As well as careful analysis of data, this outlook requires listening attentively to the voices of its political subjects, the first persons in singular and plural, narrating their experiences, world views, proposals, resistance strategies and struggles for rights. Throughout the various meetings that marked the 11th Regional Assembly of CLADE, we listened to testimonies such as that of Daniela Ester Guzman Huenchuleo, 23 years old, Mapuche from Chile. For her, segregation, abandonment and precariousness are part of the reality of education, which it is assumed will affect those who were born in some village, slum or favela in Latin America. And if we add to this the fact that you belong to a native people, these factors increase considerably: "here, being Mapuche implies facing a history that has not valued your identity, that has treated your ancestors with violence, and therefore entering a system that far from respecting your identity has contributed to folklorizing your culture". Or the testimony of the young Afro-Mexican David Alejandro Gómez Arriaga, founder of the Center for Afro-Mexican Studies Tembembe and member of the National Network of Afro-Mexican Youth: "Thinking about racism as an act of structural violence gives us the opportunity to formulate various defense processes, starting from intersectional positions to combat violence and discrimination that affect the quality of life of our people. (...) In the educational environment, the decolonization of education through ethno-pedagogy that challenges Western colonialism is a starting-point for political advocacy and community self-care".

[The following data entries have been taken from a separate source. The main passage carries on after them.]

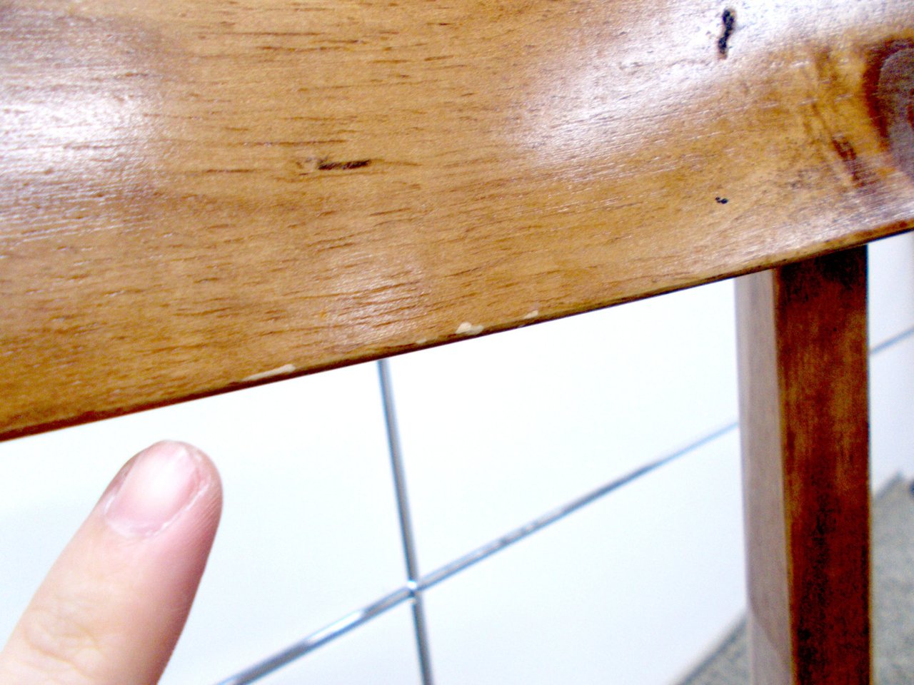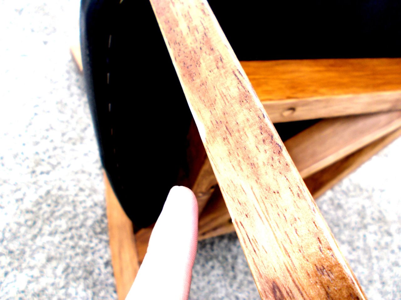 - かなり強い濃い黄ばみ・変色が商品全体にある。(例、座面・背もたれ、脚部等にある。)
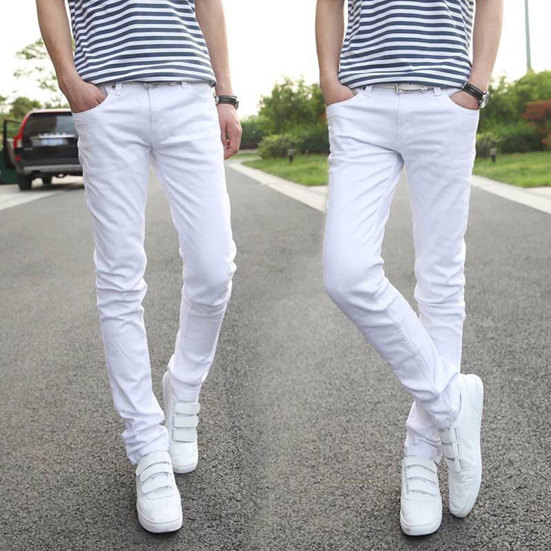 Jeans Pria Hitam Dan Putih Celana Pria Ramping Celana Elastis
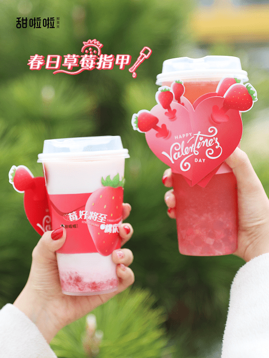 基於對消費市場的敏銳洞察,2022年起,甜啦啦全力主攻鮮果茶賽道。同年8月,品牌戰略發佈會召開,現場歐睿國際認證正式授予其“甜啦啦鮮果茶全國銷量領先”的市場地位認證函;2023年,全面貫徹鮮果茶戰略定位。據記者瞭解,截至目前,甜啦啦上新產品近10款,8款均以新鮮水果研制而成。其中“莓好CP”市場反響較為強烈,除瞭產品本身口感外,在包裝顏值上也下足瞭功夫,以粉色為主色調,滿載甜蜜和少女心的杯套俘獲一大批年輕消費者的心。
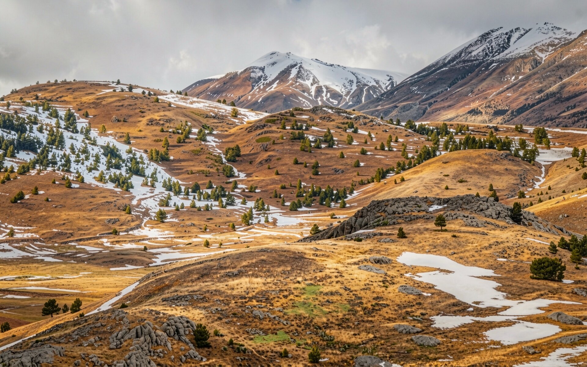 Горный пейзаж с заснеженными вершинами и желтой травой

Thinking about ways of overcoming the multiple forms of inequality, in and through education, is indeed a synthesis of many disputes, and among them the meaning we desire for education, in particular for public education. They are essentially political disputes. Who participates in educational policies? Who defines their content and meaning? What is valid knowledge? What is it for? Revisiting the prolific set of available and ratified rights instruments points us to an important path that, since the Universal Declaration of Human Rights of 1948, has reaffirmed the purpose of education as development of the person and human dignity, and also the promotion of the fulfillment of all rights and fundamental freedoms.
Within the framework of the search for the fulfillment of these purposes, which can only be achieved through the effective participation of political subjects and from a truly inclusive perspective, then diversity and overcoming inequalities and asymmetric power relations will necessarily become structural stakes. If our challenge is to reinvent the meaning of education, based on multiple voices and on an equal footing, then we have a horizon.
- Giovanna Modé is CLADE Policy Coordinator and PhD in Education from the University of São Paulo.
- Laura Giannecchini is Coordinator of Institutional Development of CLADE and is currently studying her Master's Degree in Sociology at the same university.